International Journal of Computer Applications |
Foundation of Computer Science (FCS), NY, USA |
Volume 164 - Number 3 |
Year of Publication: 2017 |
Authors: Hany F. Atlam, Gamal Attiya, Nawal El-Fishawy |
10.5120/ijca2017913600 |
Hany F. Atlam, Gamal Attiya, Nawal El-Fishawy . Integration of Color and Texture Features in CBIR System. International Journal of Computer Applications. 164, 3 ( Apr 2017), 23-29. DOI=10.5120/ijca2017913600
Nowadays, rapid and effective searching for relevant images in large image databases has become an area of wide interest in many applications. The current image retrieval system is based on text-based approaches. This system has many challenges such as it cannot retrieve images that are context sensitive and the amount of effort required to manually annotate every image, as well as the difference in human perception when describing the images, which result in inaccuracies during the retrieval process.
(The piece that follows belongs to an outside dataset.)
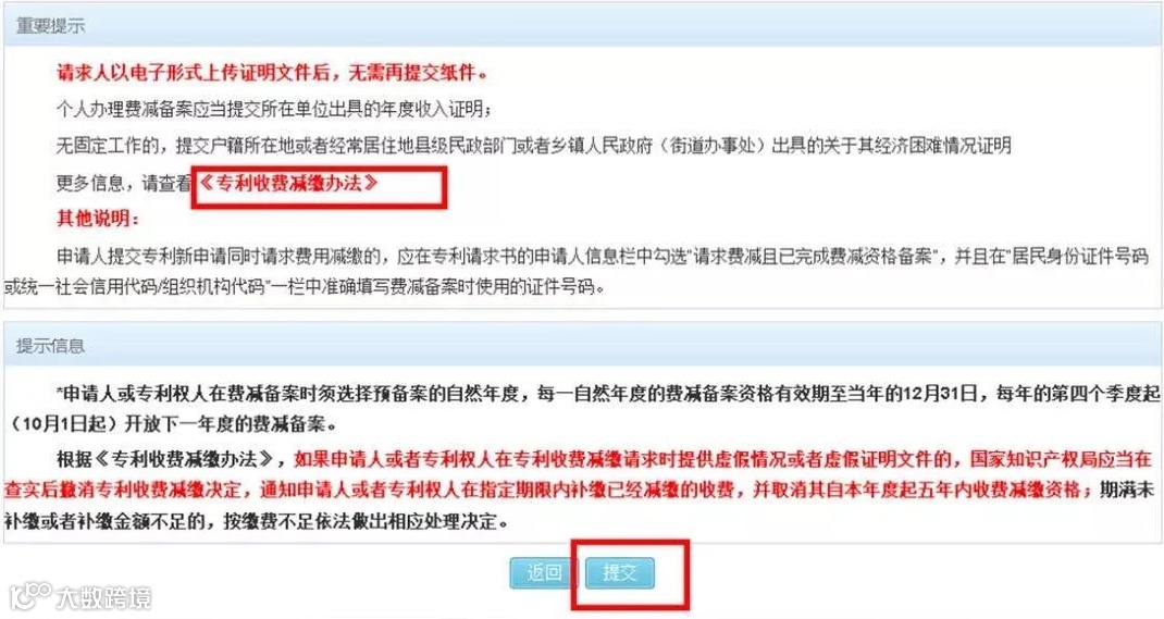 6.页面展示出费减备案享受的权利以及重要提示,此页信息提交成功后可以在查看页面打印,点击“提交”。

Content-based image retrieval (CBIR) supports an effective way to retrieve images depending on automatically derived image features. It retrieves relevant images using unique image features such as texture, color or shape. This paper presents novel methods to retrieve relevant images from large image databases. Two proposed methods are presented. The first proposed method improves the retrieval performance by identifying the most efficient gray-level co-occurrence matrix (GLCM) texture features and combine them with the appropriate Discrete Wavelet Transform (DWT) decomposition band. The second proposed method increases the system performance by combining color and texture features as one feature vector which is resulting in increasing the retrieval accuracy. The proposed methods have shown a promising and faster retrieval on a WANG image database containing 1000 color images. The retrieval performance has been evaluated with the existing systems that discussed in the literature. The proposed methods give better performance than other systems.